If you'd like to manipulate the queries in some advanced way (e.g. to modify the AST of a parsed query) you can use the gem as a dependency.

>> require 'hsql'
>> file = HSQL::File.parse_file('./simple.sql', 'development')
>> query = file.queries.first;
>> query.to_s
=> "INSERT INTO jackdanger_summaries SELECT count(*) FROM interesting_information"
>> query.ast
=> {
    "INSERT INTO" => {
             "relation" => {
            "RANGEVAR" => {
                    "schemaname" => nil,
                       "relname" => "jackdanger_summaries",
                        "inhOpt" => 2,
                "relpersistence" => "p",
                         "alias" => nil,
                      "location" => 13
            }
        },
                 "cols" => nil,
           "selectStmt" => {
            "SELECT" => {
                "distinctClause" => nil,
                    "intoClause" => nil,
                    "targetList" => [
                    [0] {
                        "RESTARGET" => {
                                   "name" => nil,
                            "indirection" => nil,
                                    "val" => {
                                "FUNCCALL" => {
                                            "funcname" => [
                                        [0] "count"
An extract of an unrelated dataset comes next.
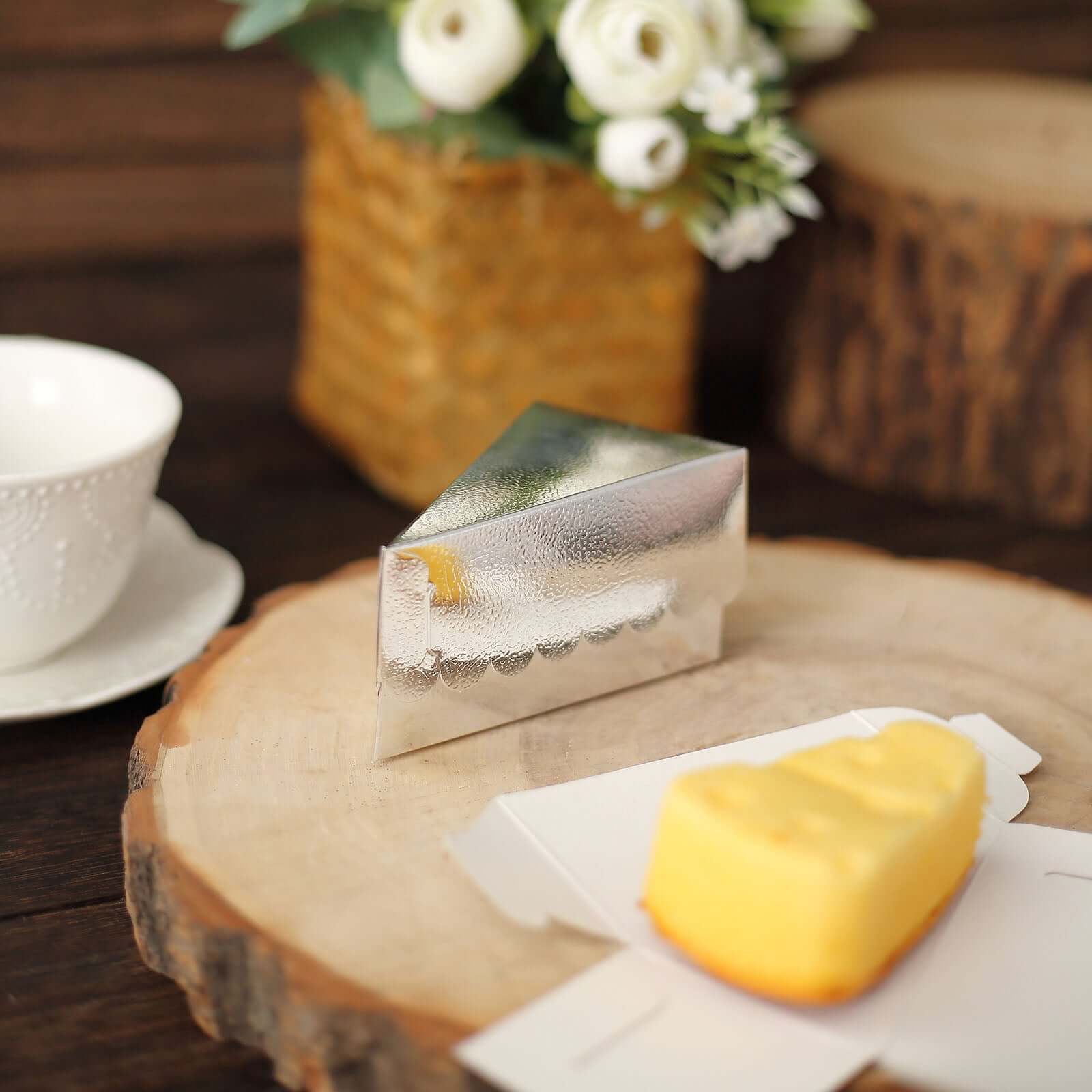 10-Pack Cardstock Triangle Cake Slice Boxes Silver with Scalloped Top 4"x2.5"
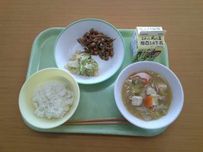 今日の給食 公開日 2024/10/17 更新日 2024/10/17 芝園の一日 10月17日(木) 今日の給食メニューは、 ・ごはん ・牛乳 ・小魚入りフライビーンズ ・白菜なべ ・あわせあえ です。 小魚入りフライビーンズもあわせあえも、噛み応えのあるメニューでとても美味しかったです。

                                    ],
                                                "args" => nil,
                                           "agg_order" => nil,
                                          "agg_filter" => nil,
                                    "agg_within_group" => false,
                                            "agg_star" => true,
                                        "agg_distinct" => false,
                                       "func_variadic" => false,
                                                "over" => nil,
                                            "location" => 79
                                }
                            },
                               "location" => 79
                        }
                    }
                ],
                    "fromClause" => [
                    [0] {
                        "RANGEVAR" => {
                                "schemaname" => nil,
                                   "relname" => "interesting_information",
                                    "inhOpt" => 2,
                            "relpersistence" => "p",
                                     "alias" => nil,
                                  "location" => 95
                        }
                    }
                ],
                   "whereClause" => nil,
                   "groupClause" => nil,
                  "havingClause" => nil,
                  "windowClause" => nil,
                   "valuesLists" => nil,
                    "sortClause" => nil,
                   "limitOffset" => nil,
                    "limitCount" => nil,
                 "lockingClause" => nil,
                    "withClause" => nil,
                            "op" => 0,
                           "all" => false,
                          "larg" => nil,
                          "rarg" => nil
            }
        },
        "returningList" => nil,
           "withClause" => nil
    }
}
>> query.ast['INSERT INTO']['relation']['RANGEVAR']['relname'] = 'othertable'
=> "othertable"
>> query.to_s
=> "INSERT INTO othertable SELECT count(*) FROM interesting_information"

Please don't hesitate to open a PR or issue for any reason. New contributors and bug fixes are welcome. Forks of this project will be celebrated.